This part of the Chicago Cubs overhaul was supposed to be about not only developing young players but also inking them to long-term extensions.

Last Friday marked the deadline for teams and arbitration-eligible players to exchange salary figures. Players are arbitration eligible for their fourth, fifth and sixth years of Major League service or if they are within the top 22 percent of service time for second-year players (so-called Super-Two players).

Kris Bryant and Addison Russell were Super-Two players last year. Carl Edwards Jr. is a Super-Two player this offseason by exactly one day. Yes, that’s right if he had one less day of Major League service time he would not be arbitration eligible until next year, his third season in the bigs.
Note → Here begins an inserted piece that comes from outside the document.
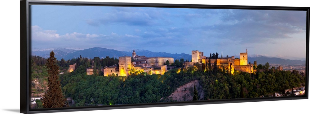 <p>The dramatic Alhambra Palace illuminated at dusk, Granada, Granada Province, Andalucia, Spain</p>

Players make more in arbitration than they do during their first two or three years of service time. In their rookie year, players make the league minimum. In their second year (and third if they are not Super-Two) teams and players try to come to an agreement. But if they don’t come to said agreement the team gets to pay the player whatever they want.

Last year, Ian Happ was the first player the Cubs were not able to come to such an agreement with since Theo Epstein took over the Cubs front office. Reaching an agreement on compensation during a player’s second and third years in the Major Leagues can be an important point in maintaining a positive relationship between the team and the player.

In 2016 Gerrit Cole was unhappy with the deal he got from the Pirates. Fortunately, on Happ’s end, he understood the business aspect of the game.

"“There were no issues, no hard feelings,” he told the Chicago Sun-Times. “The guys upstairs do a great job of treating players the right way.”"

Trying to treat players the right way during this process is the reason the Cubs paid Bryant $1.05 million in his second season when they didn’t have to.

Teams and players can avoid arbitration by signing a contract before the arbitration hearing. The Cubs front office likes to do this because you can rub a guy the wrong way via the adversarial process of the arbitration hearings. Teams argue the player should get paid the lower of the two salary requests. The player’s agent proposes for the player to get paid the higher of the two figures. Last year, things between the Yankees and Dellin Betances got so contentious that both sides complained publicly about it.